Льевен ответил так, как только мог ответить самый пылкий влюбленный, но он достаточно владел собой, чтобы отказаться от счастья признаться ей в своей любви. К тому же в глазах Леоноры было нечто, внушавшее такое уважение, и вся ее внешность, несмотря на убогое платье, которое она надела, была настолько благородна, что это придало ему силы быть благоразумным.
«Уж лучше пусть она сочтет меня за полнейшего простака», — подумал он.
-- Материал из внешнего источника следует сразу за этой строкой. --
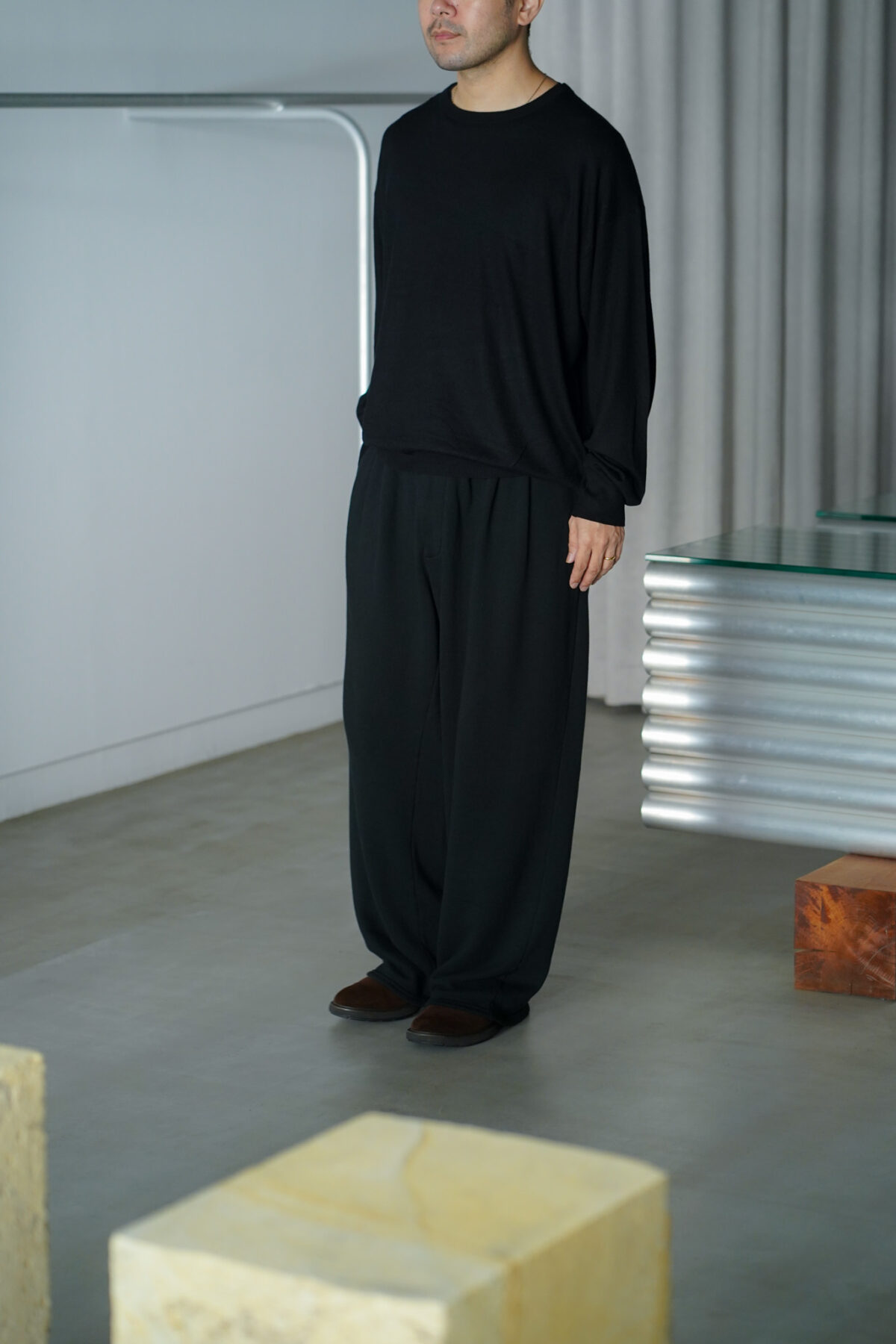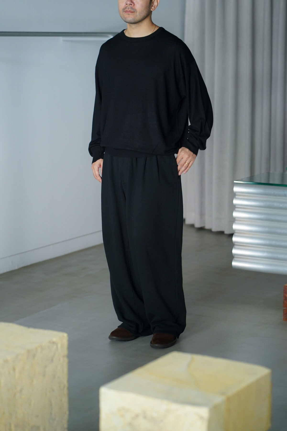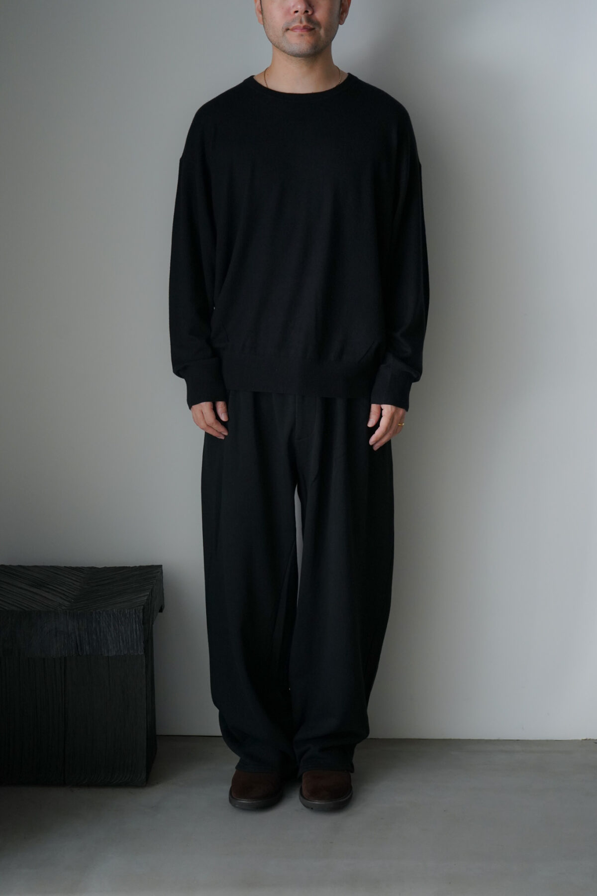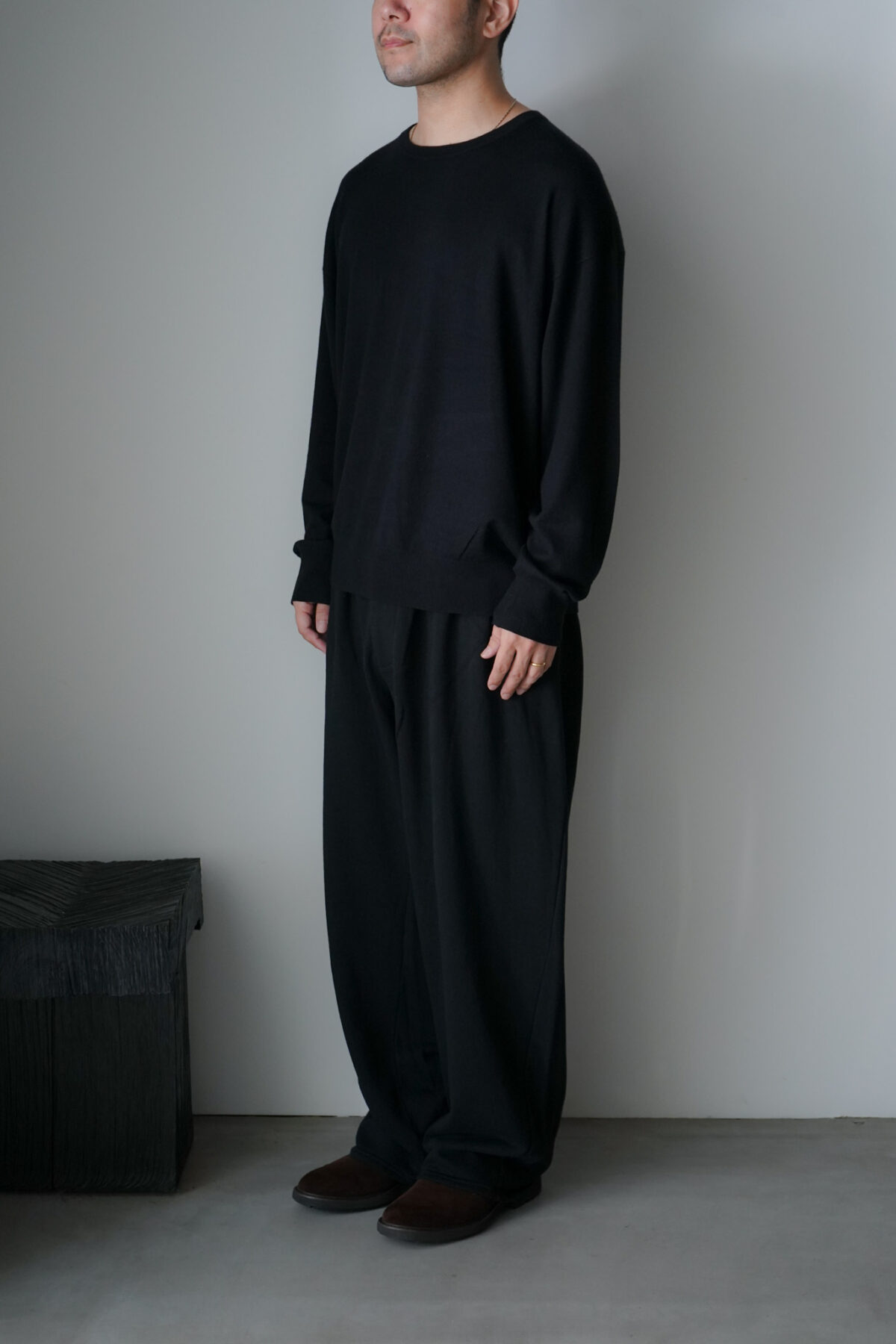 大変ソフトな肌触りが特徴的なコットン/カシミアを使用したL/S、着用した際の収まりも大変より上質で落ち着いたムードを纏っています。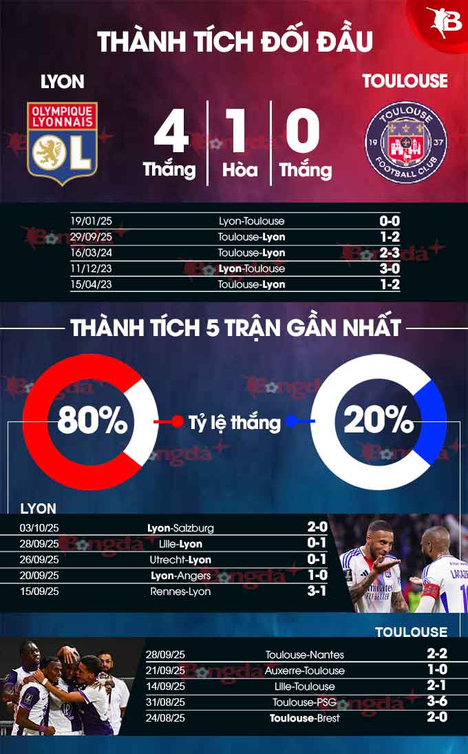 0 - Lyon không thua Toulouse trong 10 lần gặp nhau gần nhất, với 8 trận thắng và 2 hòa.

Итак, он отдался своей застенчивости и райскому наслаждению безмолвно созерцать Леонору. Это было лучшее, что он мог сделать. Такое поведение понемногу успокоило прекрасную испанку. Они были очень забавны, когда сидели так, в молчании глядя друг на друга.
— Я бы хотела достать шляпу простолюдинки, такую, которая закрывала бы все лицо, — сказала она ему, — ведь не могу же я пользоваться вашей маской на улице! — добавила она почти весело.
Льевен раздобыл шляпу; затем он проводил Леонору в комнату, которую снял для нее. Его волнение, почти счастье, еще усилилось, когда она сказала ему:
— Все это может кончиться для меня эшафотом.
— Чтобы оказать вам услугу, — сказал ей Льевен с величайшей пылкостью, — я готов броситься в огонь. Эту комнату я снял на имя госпожи Льевен, моей жены.
— Вашей жены? — повторила незнакомка почти с гневом.
— Надо было либо назвать это имя, либо показать паспорт, которого у нас нет.
Это «нас» делало его счастливым. Он успел продать кольцо или, во всяком случае, вручил незнакомке сто франков, являвшиеся его стоимостью. Принесли завтрак; незнакомка попросила Льевена сесть.
— Вы проявили величайшее великодушие, — сказала она ему после завтрака. — Теперь, если хотите, оставьте меня. Мое сердце сохранит к вам вечную признательность.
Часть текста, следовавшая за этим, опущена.